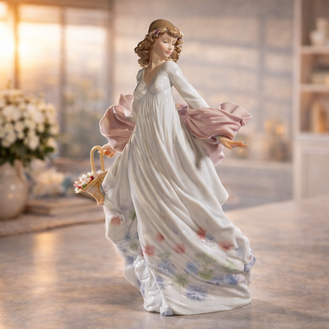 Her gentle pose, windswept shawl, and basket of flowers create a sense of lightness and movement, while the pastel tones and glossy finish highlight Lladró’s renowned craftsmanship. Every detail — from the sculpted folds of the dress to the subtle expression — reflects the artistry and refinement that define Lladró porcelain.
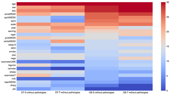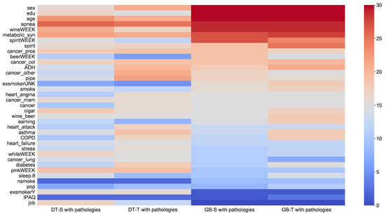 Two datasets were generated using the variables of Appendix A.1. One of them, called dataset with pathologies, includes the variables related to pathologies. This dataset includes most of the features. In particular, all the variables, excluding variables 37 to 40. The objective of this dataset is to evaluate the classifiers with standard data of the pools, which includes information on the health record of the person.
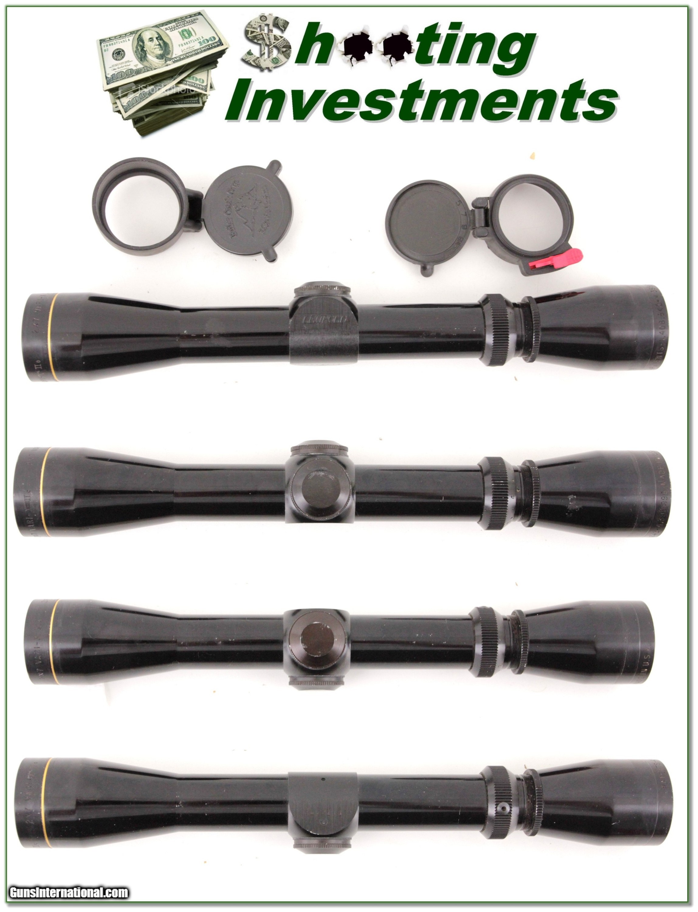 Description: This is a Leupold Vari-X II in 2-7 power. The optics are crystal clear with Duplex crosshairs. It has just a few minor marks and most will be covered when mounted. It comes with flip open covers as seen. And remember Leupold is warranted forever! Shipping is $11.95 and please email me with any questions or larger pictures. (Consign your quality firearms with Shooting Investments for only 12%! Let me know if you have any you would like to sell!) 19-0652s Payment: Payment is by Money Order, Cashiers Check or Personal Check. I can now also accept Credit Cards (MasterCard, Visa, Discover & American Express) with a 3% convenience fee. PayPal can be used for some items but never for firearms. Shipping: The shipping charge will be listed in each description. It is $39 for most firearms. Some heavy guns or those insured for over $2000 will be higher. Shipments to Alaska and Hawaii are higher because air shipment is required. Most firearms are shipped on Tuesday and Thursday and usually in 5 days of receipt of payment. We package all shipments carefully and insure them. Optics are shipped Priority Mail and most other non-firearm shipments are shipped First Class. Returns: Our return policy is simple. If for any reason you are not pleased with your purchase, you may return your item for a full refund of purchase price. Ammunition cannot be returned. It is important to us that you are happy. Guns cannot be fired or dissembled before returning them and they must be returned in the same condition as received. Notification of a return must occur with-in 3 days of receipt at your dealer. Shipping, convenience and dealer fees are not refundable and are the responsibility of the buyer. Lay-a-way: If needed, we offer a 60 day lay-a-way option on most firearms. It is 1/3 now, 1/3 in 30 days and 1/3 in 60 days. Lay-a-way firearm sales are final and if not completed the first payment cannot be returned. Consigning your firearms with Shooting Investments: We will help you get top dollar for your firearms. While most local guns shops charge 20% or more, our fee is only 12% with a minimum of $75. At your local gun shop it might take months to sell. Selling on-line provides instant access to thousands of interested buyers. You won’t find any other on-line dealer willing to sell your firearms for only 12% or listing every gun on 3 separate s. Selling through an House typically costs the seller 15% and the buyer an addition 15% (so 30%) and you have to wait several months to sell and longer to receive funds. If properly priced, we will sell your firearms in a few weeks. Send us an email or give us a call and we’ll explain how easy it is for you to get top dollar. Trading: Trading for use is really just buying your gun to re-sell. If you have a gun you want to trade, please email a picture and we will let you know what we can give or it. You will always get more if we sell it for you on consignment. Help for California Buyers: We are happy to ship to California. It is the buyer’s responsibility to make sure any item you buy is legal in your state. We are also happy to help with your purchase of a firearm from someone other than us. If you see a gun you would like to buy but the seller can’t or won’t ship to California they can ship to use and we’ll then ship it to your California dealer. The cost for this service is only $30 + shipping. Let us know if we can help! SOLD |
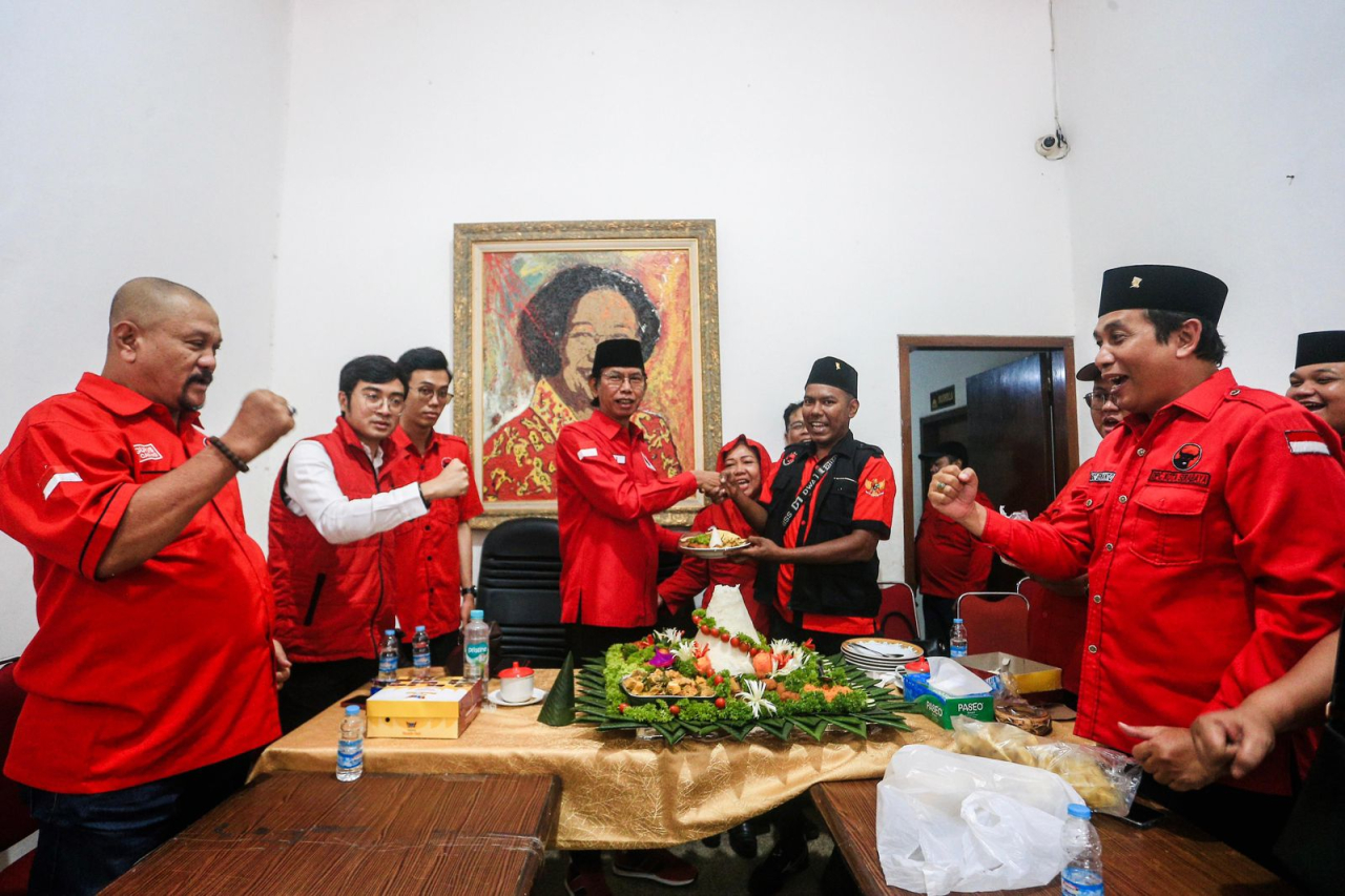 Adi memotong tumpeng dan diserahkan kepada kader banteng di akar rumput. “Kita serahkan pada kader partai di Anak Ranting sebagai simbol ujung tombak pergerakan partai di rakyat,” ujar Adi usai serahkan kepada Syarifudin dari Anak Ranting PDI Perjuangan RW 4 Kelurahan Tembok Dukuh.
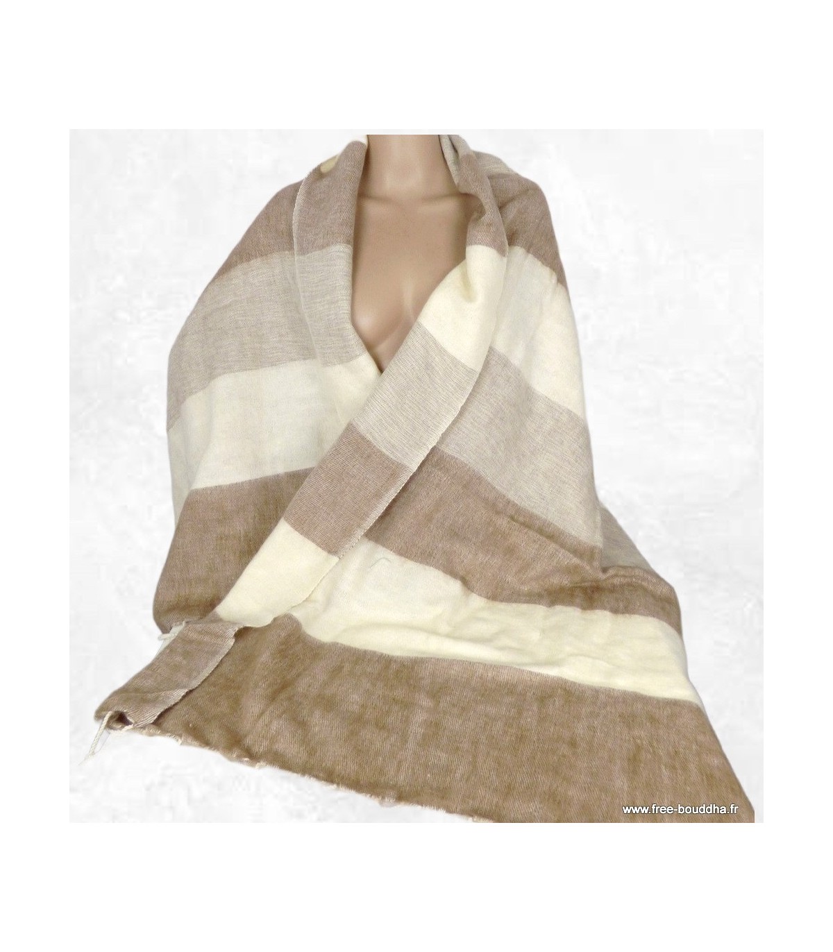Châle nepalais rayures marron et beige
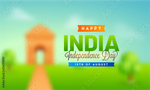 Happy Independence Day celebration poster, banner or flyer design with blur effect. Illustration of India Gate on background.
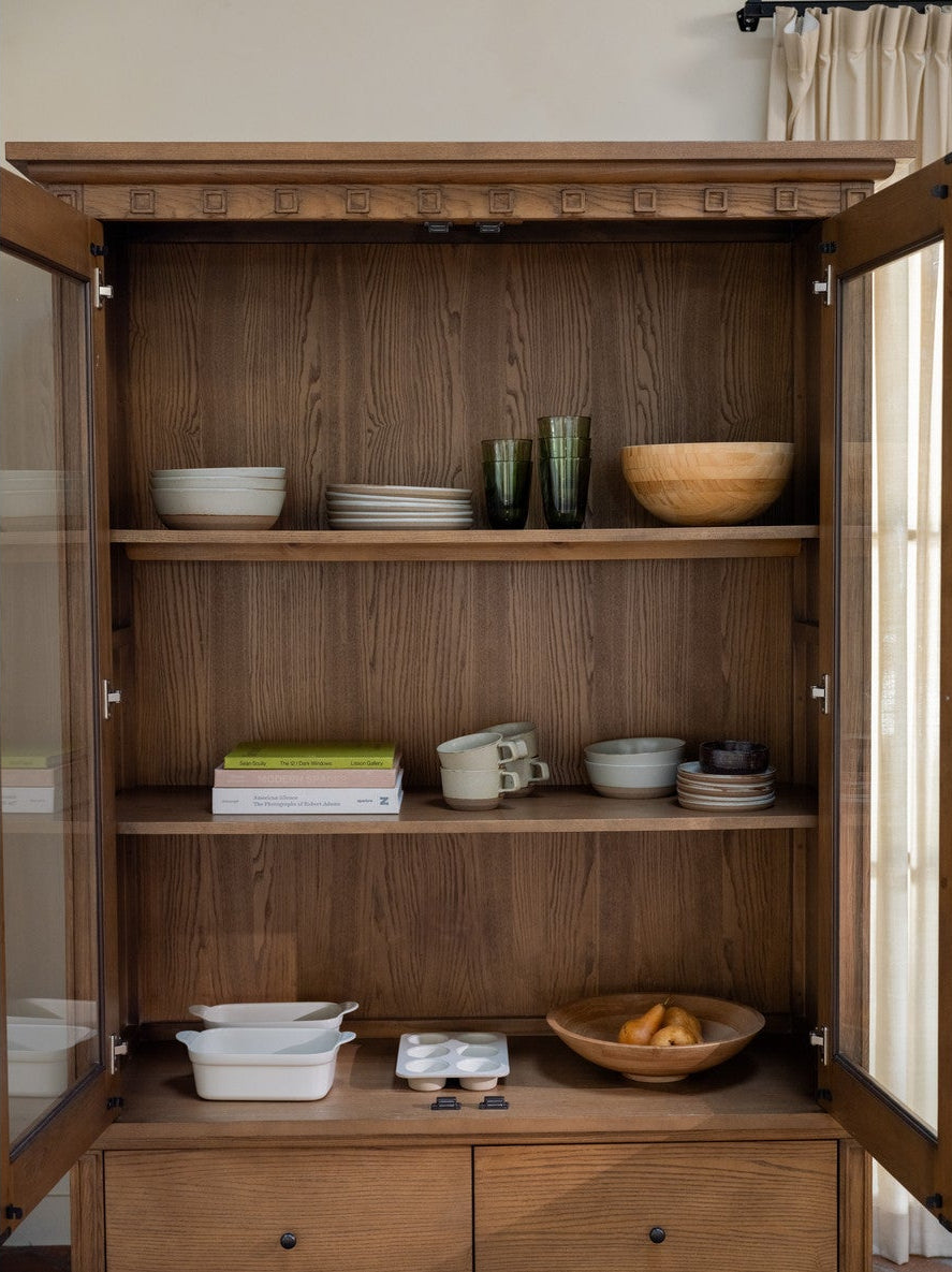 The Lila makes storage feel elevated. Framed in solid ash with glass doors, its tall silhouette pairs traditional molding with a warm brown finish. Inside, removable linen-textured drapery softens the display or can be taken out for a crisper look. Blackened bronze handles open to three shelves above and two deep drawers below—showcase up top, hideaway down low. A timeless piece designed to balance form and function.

- **TASK BRIEF**: Print all the lines above again exactly, without any pictures.

- **REPLY TO THE EXERCISE**:
 Her gentle pose, windswept shawl, and basket of flowers create a sense of lightness and movement, while the pastel tones and glossy finish highlight Lladró’s renowned craftsmanship. Every detail — from the sculpted folds of the dress to the subtle expression — reflects the artistry and refinement that define Lladró porcelain.
 Two datasets were generated using the variables of Appendix A.1. One of them, called dataset with pathologies, includes the variables related to pathologies. This dataset includes most of the features. In particular, all the variables, excluding variables 37 to 40. The objective of this dataset is to evaluate the classifiers with standard data of the pools, which includes information on the health record of the person.
 Description: This is a Leupold Vari-X II in 2-7 power. The optics are crystal clear with Duplex crosshairs. It has just a few minor marks and most will be covered when mounted. It comes with flip open covers as seen. And remember Leupold is warranted forever! Shipping is $11.95 and please email me with any questions or larger pictures. (Consign your quality firearms with Shooting Investments for only 12%! Let me know if you have any you would like to sell!) 19-0652s Payment: Payment is by Money Order, Cashiers Check or Personal Check. I can now also accept Credit Cards (MasterCard, Visa, Discover & American Express) with a 3% convenience fee. PayPal can be used for some items but never for firearms. Shipping: The shipping charge will be listed in each description. It is $39 for most firearms. Some heavy guns or those insured for over $2000 will be higher. Shipments to Alaska and Hawaii are higher because air shipment is required. Most firearms are shipped on Tuesday and Thursday and usually in 5 days of receipt of payment. We package all shipments carefully and insure them. Optics are shipped Priority Mail and most other non-firearm shipments are shipped First Class. Returns: Our return policy is simple. If for any reason you are not pleased with your purchase, you may return your item for a full refund of purchase price. Ammunition cannot be returned. It is important to us that you are happy. Guns cannot be fired or dissembled before returning them and they must be returned in the same condition as received. Notification of a return must occur with-in 3 days of receipt at your dealer. Shipping, convenience and dealer fees are not refundable and are the responsibility of the buyer. Lay-a-way: If needed, we offer a 60 day lay-a-way option on most firearms. It is 1/3 now, 1/3 in 30 days and 1/3 in 60 days. Lay-a-way firearm sales are final and if not completed the first payment cannot be returned. Consigning your firearms with Shooting Investments: We will help you get top dollar for your firearms. While most local guns shops charge 20% or more, our fee is only 12% with a minimum of $75. At your local gun shop it might take months to sell. Selling on-line provides instant access to thousands of interested buyers. You won’t find any other on-line dealer willing to sell your firearms for only 12% or listing every gun on 3 separate s. Selling through an House typically costs the seller 15% and the buyer an addition 15% (so 30%) and you have to wait several months to sell and longer to receive funds. If properly priced, we will sell your firearms in a few weeks. Send us an email or give us a call and we’ll explain how easy it is for you to get top dollar. Trading: Trading for use is really just buying your gun to re-sell. If you have a gun you want to trade, please email a picture and we will let you know what we can give or it. You will always get more if we sell it for you on consignment. Help for California Buyers: We are happy to ship to California. It is the buyer’s responsibility to make sure any item you buy is legal in your state. We are also happy to help with your purchase of a firearm from someone other than us. If you see a gun you would like to buy but the seller can’t or won’t ship to California they can ship to use and we’ll then ship it to your California dealer. The cost for this service is only $30 + shipping. Let us know if we can help! SOLD |
 Adi memotong tumpeng dan diserahkan kepada kader banteng di akar rumput. “Kita serahkan pada kader partai di Anak Ranting sebagai simbol ujung tombak pergerakan partai di rakyat,” ujar Adi usai serahkan kepada Syarifudin dari Anak Ranting PDI Perjuangan RW 4 Kelurahan Tembok Dukuh.
Châle nepalais rayures marron et beige
 Happy Independence Day celebration poster, banner or flyer design with blur effect. Illustration of India Gate on background.
 The Lila makes storage feel elevated. Framed in solid ash with glass doors, its tall silhouette pairs traditional molding with a warm brown finish. Inside, removable linen-textured drapery softens the display or can be taken out for a crisper look. Blackened bronze handles open to three shelves above and two deep drawers below—showcase up top, hideaway down low. A timeless piece designed to balance form and function.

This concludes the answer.